The response to Berlusconi’s death, according to Riotta, has been surprisingly magnanimous.

“He was popular and you will see, check out the [state] funeral service at the Duomo in Milan. It will be full of the elite, of course. But outside, it will be the common Milanese people … they will realise an age is passing.”

Berlusconi divided opinion in life, but has united it in death, at least for now. After all, his passing also heralds the end of a nostalgic era.

“I think in football, he will be the last of the great Italian entrepreneurs that could afford to run a team,” believed Riotta. “The guy who puts his own money in the team. Hires his own coach. Buys the best players. He doesn’t have a budget to keep. When the team goes into the red, he goes into his pocket and puts them in the black.”

Today, football has become increasingly dominated by state-backed clubs like Manchester City and PSG, with Saudi-owned Newcastle United also on the rise. Manchester United might well be next.

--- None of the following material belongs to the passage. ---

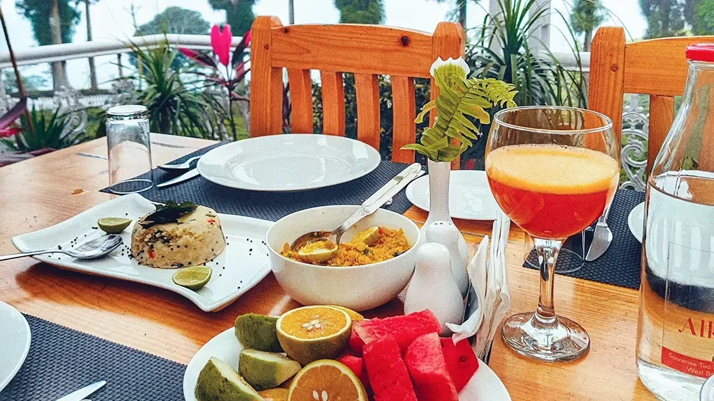 Dining at Sourenee Tea Estate & Boutique Resort focuses on fresh, homely meals served in a relaxed environment.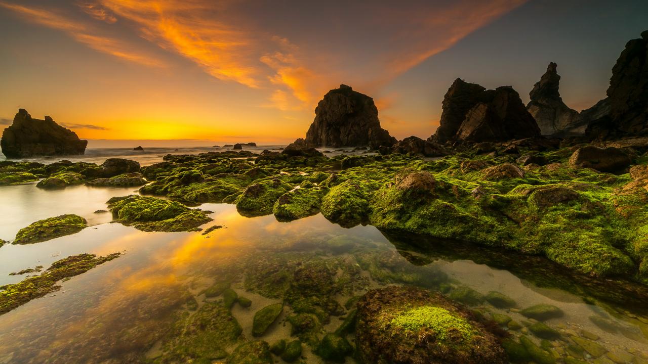 Обои Покрытые мхом камни на морском берегу под красивым небом

Manchester City have just won the Champions League – the first time a team from the new generation of state-backed clubs has won football’s most prestigious prize – a prize Berlusconi knew the worth of only too well.

The likes of AC Milan, Inter and Barcelona, all considered European royalty in the past, have struggled to compete in this age. But Berlusconi can also, paradoxically, be considered the man who opened the door to this new world in the first place; as modern football’s first owner.

“We can say he was the last of the old breed, but at the same time, the first of the new breed,” said Riotta. “He was a transitional figure.”